Given information:
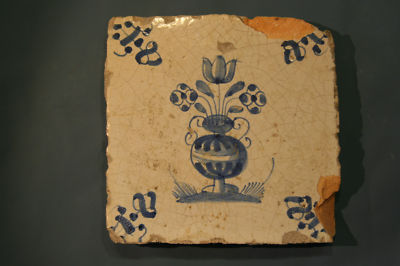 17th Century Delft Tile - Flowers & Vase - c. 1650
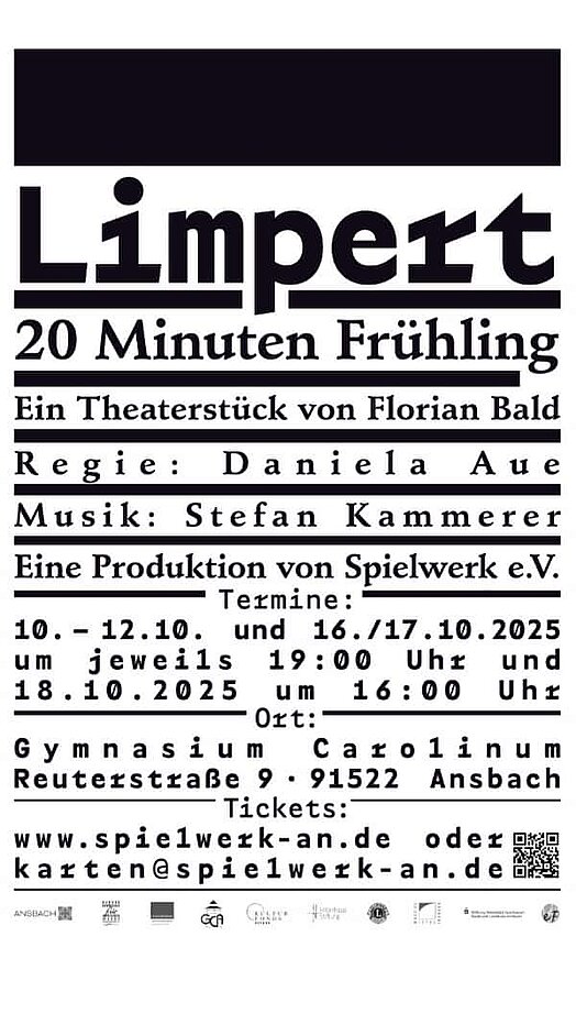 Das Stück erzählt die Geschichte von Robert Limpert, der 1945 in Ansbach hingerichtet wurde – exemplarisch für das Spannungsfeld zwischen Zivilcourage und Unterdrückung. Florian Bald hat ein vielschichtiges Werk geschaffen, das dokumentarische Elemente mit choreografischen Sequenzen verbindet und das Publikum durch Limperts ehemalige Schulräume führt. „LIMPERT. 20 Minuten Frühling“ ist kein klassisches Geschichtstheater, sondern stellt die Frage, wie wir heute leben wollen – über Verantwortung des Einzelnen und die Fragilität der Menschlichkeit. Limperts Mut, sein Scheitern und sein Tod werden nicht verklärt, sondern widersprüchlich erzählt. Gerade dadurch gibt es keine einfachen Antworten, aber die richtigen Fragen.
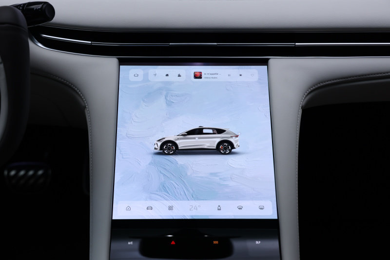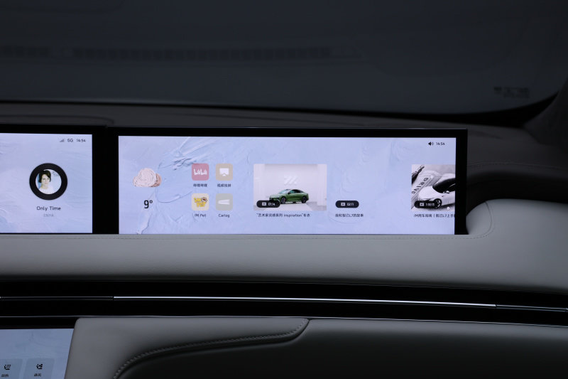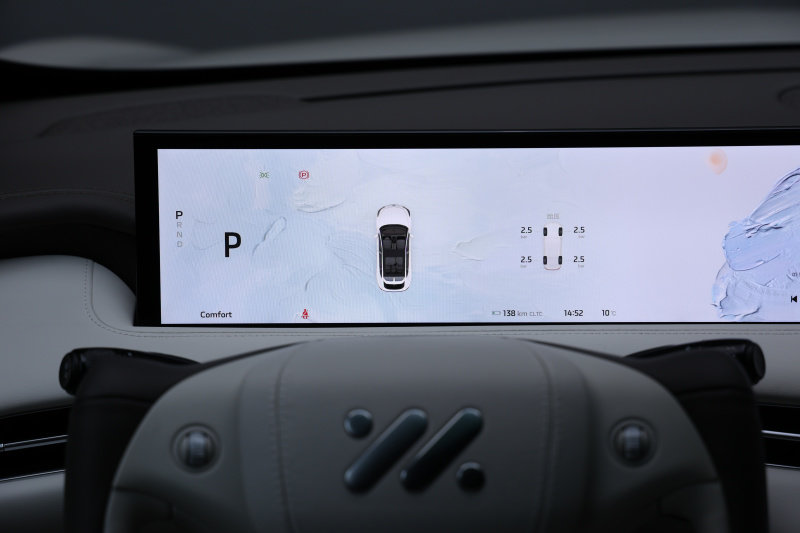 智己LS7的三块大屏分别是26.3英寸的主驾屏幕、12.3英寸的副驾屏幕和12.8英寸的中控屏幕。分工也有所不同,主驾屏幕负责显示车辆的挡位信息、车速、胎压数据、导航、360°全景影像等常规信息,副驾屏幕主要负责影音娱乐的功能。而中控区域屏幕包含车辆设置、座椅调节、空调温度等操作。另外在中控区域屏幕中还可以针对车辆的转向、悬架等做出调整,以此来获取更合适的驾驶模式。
...
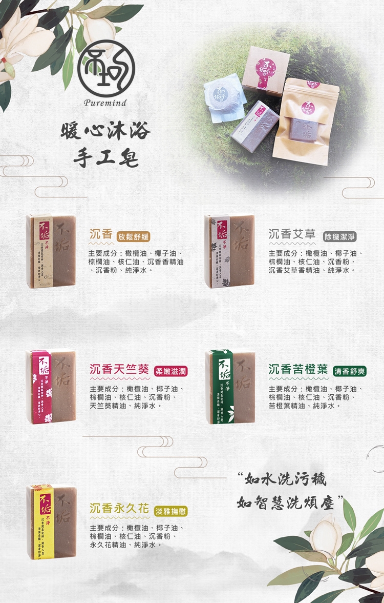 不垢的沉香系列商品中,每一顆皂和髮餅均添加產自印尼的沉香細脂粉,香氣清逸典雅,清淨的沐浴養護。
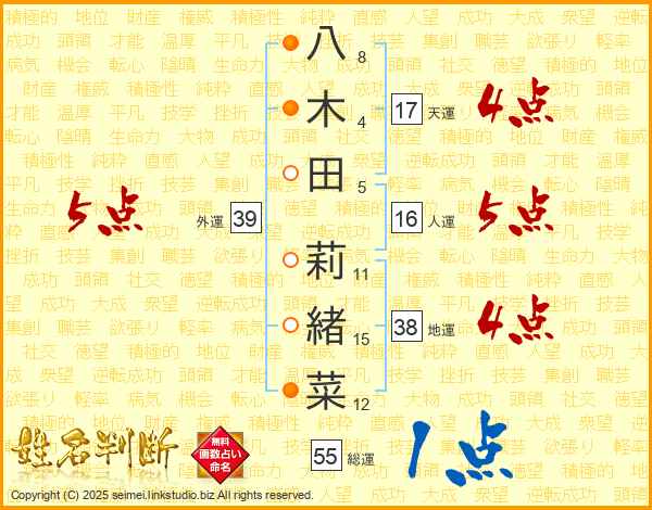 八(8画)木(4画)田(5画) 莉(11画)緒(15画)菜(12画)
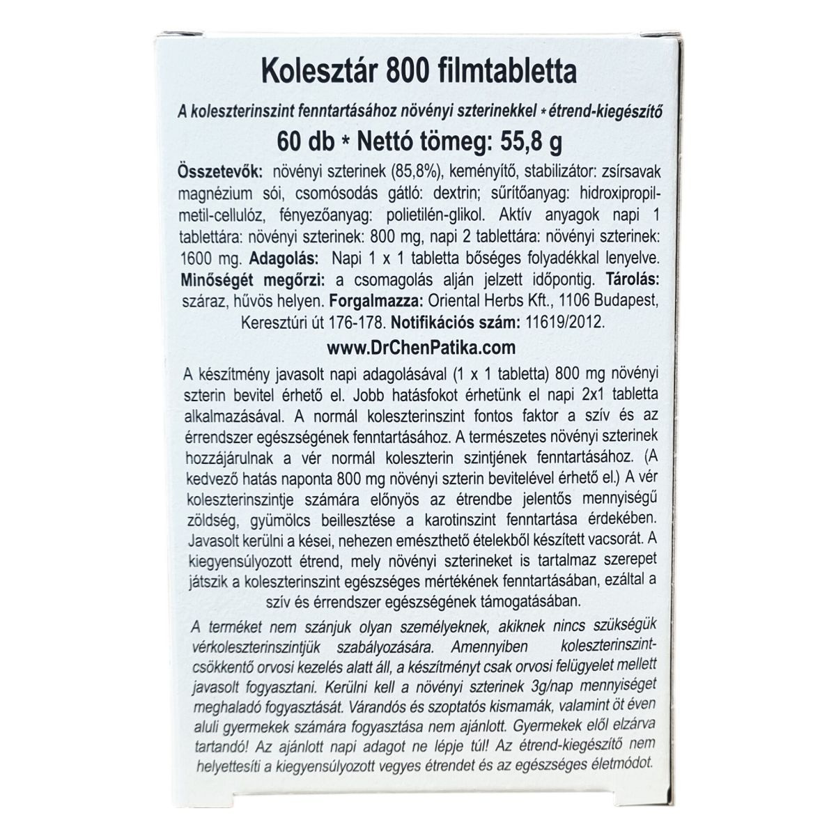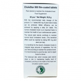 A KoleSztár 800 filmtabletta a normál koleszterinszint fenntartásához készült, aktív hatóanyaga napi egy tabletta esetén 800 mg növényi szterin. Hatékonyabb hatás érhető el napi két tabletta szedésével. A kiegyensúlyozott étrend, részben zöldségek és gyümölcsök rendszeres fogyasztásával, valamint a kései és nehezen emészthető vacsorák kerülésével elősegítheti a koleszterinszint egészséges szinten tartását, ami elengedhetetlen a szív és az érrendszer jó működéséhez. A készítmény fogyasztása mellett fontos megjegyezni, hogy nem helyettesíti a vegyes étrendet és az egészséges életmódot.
...
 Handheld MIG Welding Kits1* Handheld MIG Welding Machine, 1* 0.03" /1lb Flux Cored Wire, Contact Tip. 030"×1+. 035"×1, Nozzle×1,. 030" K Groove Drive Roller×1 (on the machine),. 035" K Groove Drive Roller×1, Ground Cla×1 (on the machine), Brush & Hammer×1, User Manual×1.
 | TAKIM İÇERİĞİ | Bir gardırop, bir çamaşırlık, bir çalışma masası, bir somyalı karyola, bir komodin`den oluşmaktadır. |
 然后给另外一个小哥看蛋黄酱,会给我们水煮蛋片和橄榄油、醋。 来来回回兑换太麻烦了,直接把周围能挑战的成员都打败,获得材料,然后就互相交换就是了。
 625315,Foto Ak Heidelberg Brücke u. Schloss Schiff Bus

What to work on: In the material above, which lines fall between the one holding "不垢的沉香系列商品中,每一顆" and the one holding "八(8画)木(4画)田(5画) 莉(11画)緒(15画)菜(12画)", inclusive? Print exactly those, with the pictures left out.

Answer to the exercise:
 不垢的沉香系列商品中,每一顆皂和髮餅均添加產自印尼的沉香細脂粉,香氣清逸典雅,清淨的沐浴養護。
 八(8画)木(4画)田(5画) 莉(11画)緒(15画)菜(12画)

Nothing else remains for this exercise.